_ABOUT THIS EXERCISE_. Only the lines from the one with "- VIN: 2HGFG4A5XEH703696" through the final line below belong in the answer, copied exactly and without pictures.

_DATA SECTION_.
—————
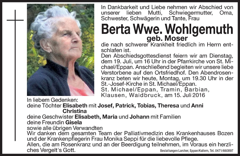 Den Abschiedsgottesdienst feiern wir am Dienstag, den 19. Juli um 16 Uhr in der Pfarrkirche von St. Michael/Eppan. Anschließend begleiten wir unsere liebe Verstorbene auf den Ortsfriedhof.
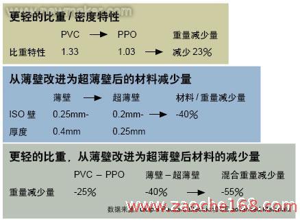 在成本方面,就原材料的价格,PPO还无力与PVC竞争。但Monroe相信以PPO的设计优点,能够解决设计层面的包装问题,从而简化了装配工序,使得成品车辆的重量得以减轻,这将会使安装和寿命周期成本得到实质性的下降。他说:“真正的关键在于这种材料可使电线的体积大为减少。”
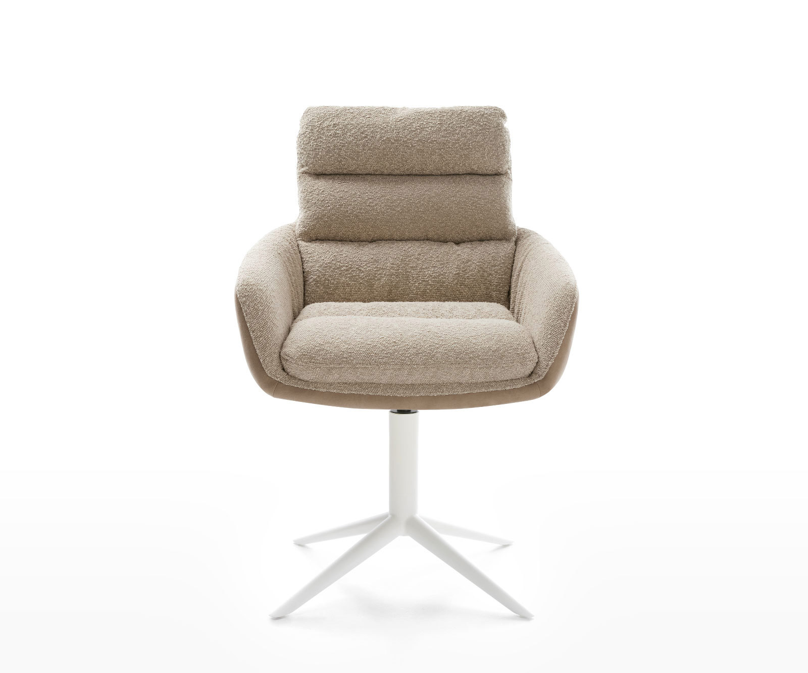 Zaujímavá kombinácia materiálov z mikrovlákna na vonkajšej strane a bouclé robí z tejto jedálenskej stoličky skutočný must-have v každej vkusne zariadenej jedálni. Použitie dvoch materiálov je vizuálne mimoriadne príťažlivé, či už ako samostatný kus alebo ako súčasť sedenia.
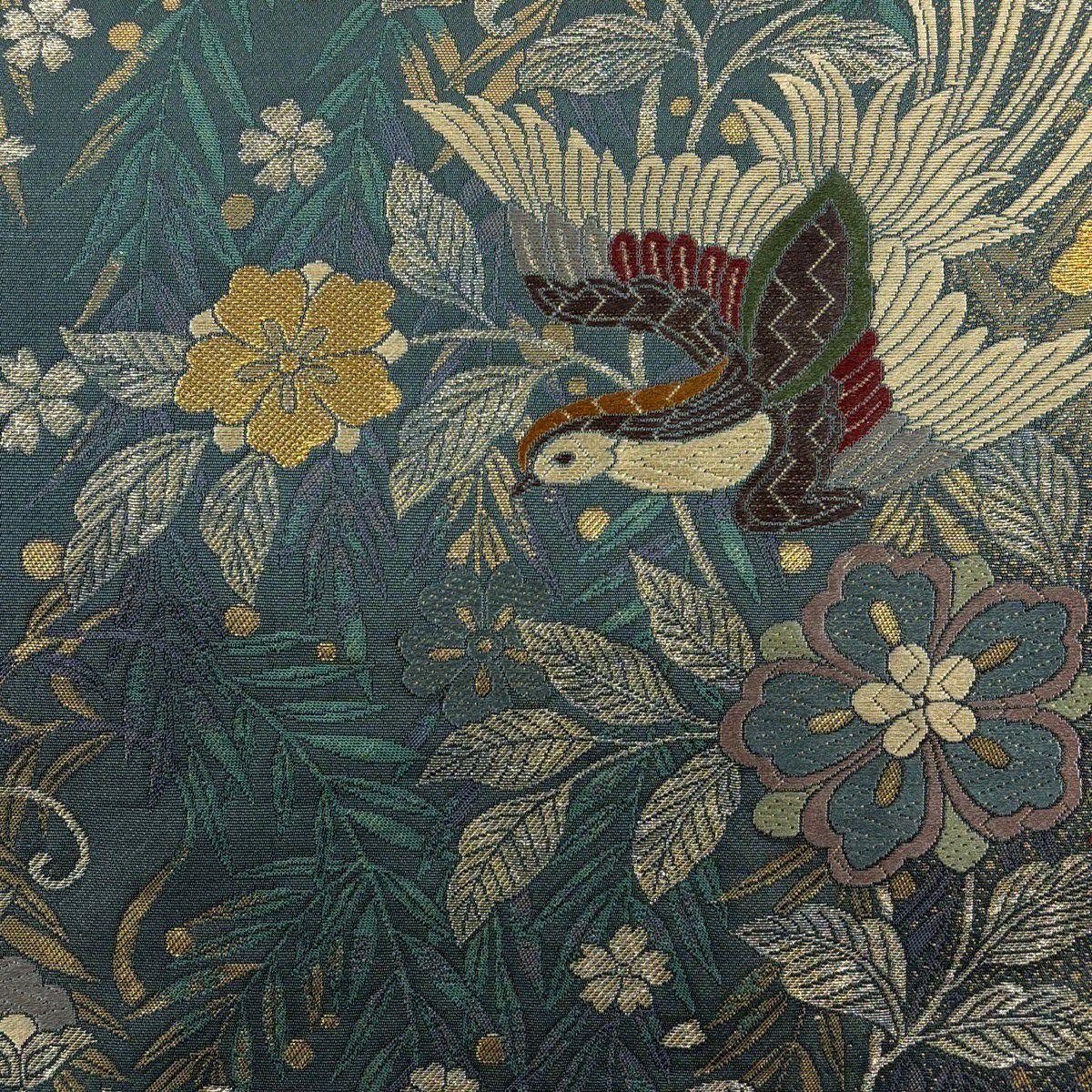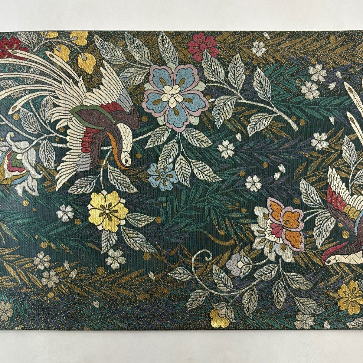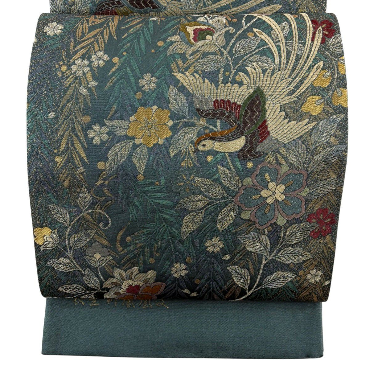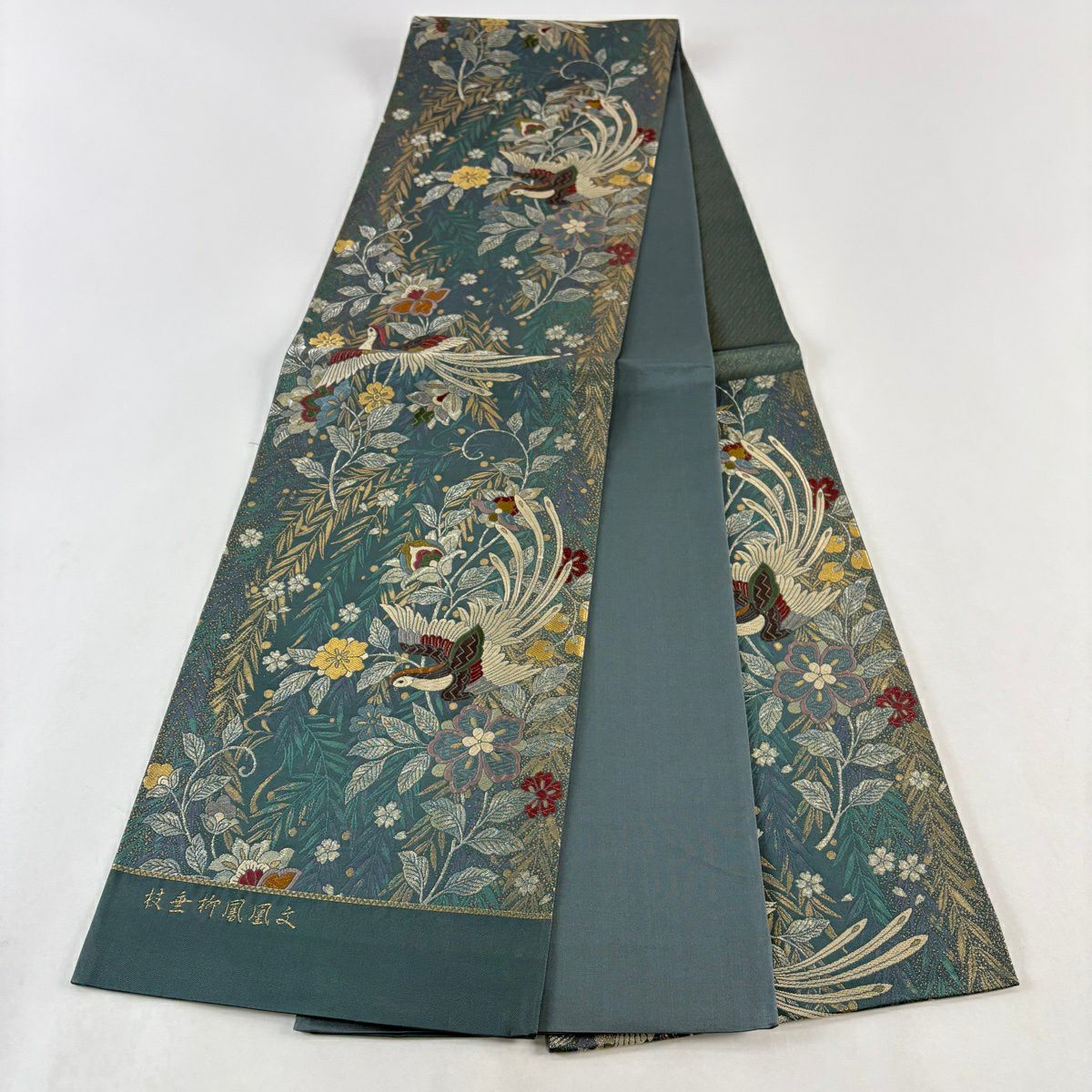 袋帯 秀品 唐三彩萌黄草木染 鳳凰 花唐草 金糸 箔 黄土色 六通 正絹
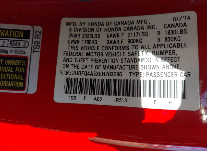 - VIN: 2HGFG4A5XEH703696
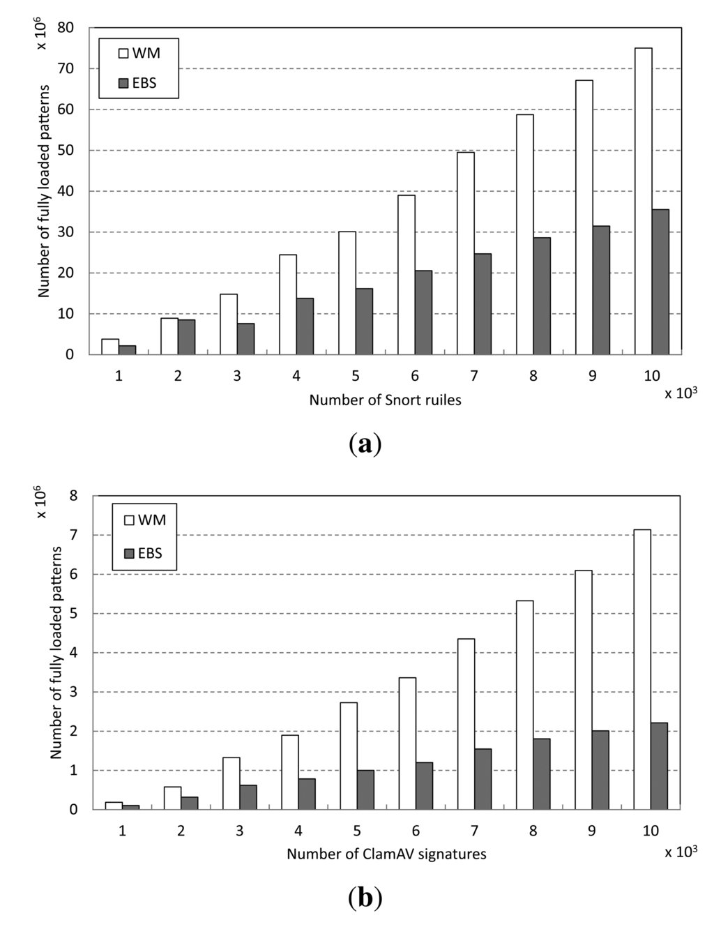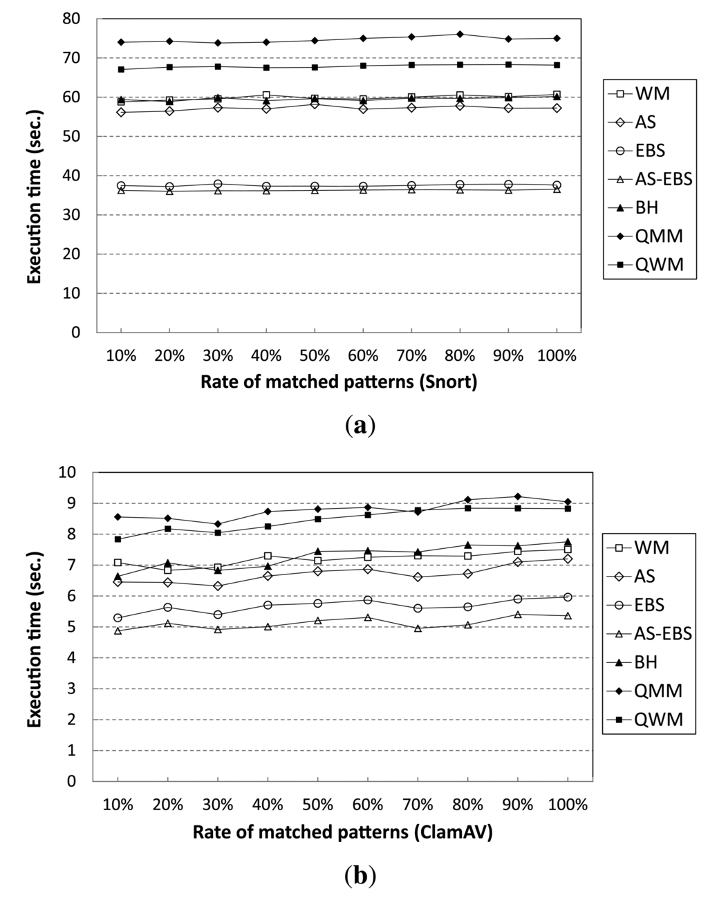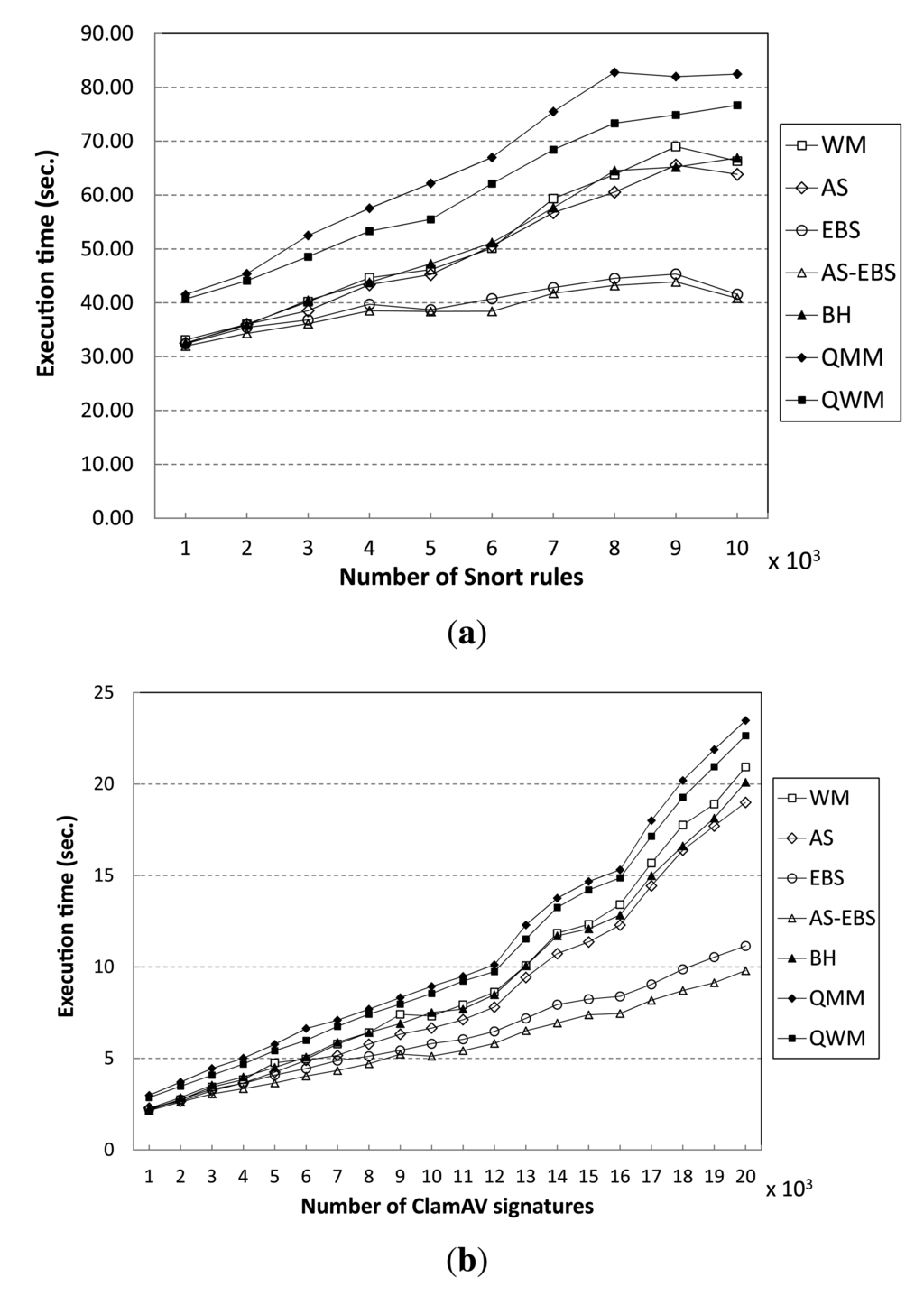 Moreover, the early decision enables us to skip unnecessary matching operations in the prefix table (Step 2) and character matching (Step 3) in WM. AS attains a 4% performance improvement, and EBS records a speed-up of 1.59 compared with WM. For the ClamAV pattern set, AS-EBS again exhibits the best performance: it is almost 2.14-times faster than WM in matching 20,000 signatures, as shown in Figure 9b. AS records a 10% performance gain. Furthermore, EBS attains a speed-up of 1.87 compared to WM.
—————
_PROBLEM SOLUTION_.
 - VIN: 2HGFG4A5XEH703696
 Moreover, the early decision enables us to skip unnecessary matching operations in the prefix table (Step 2) and character matching (Step 3) in WM. AS attains a 4% performance improvement, and EBS records a speed-up of 1.59 compared with WM. For the ClamAV pattern set, AS-EBS again exhibits the best performance: it is almost 2.14-times faster than WM in matching 20,000 signatures, as shown in Figure 9b. AS records a 10% performance gain. Furthermore, EBS attains a speed-up of 1.87 compared to WM.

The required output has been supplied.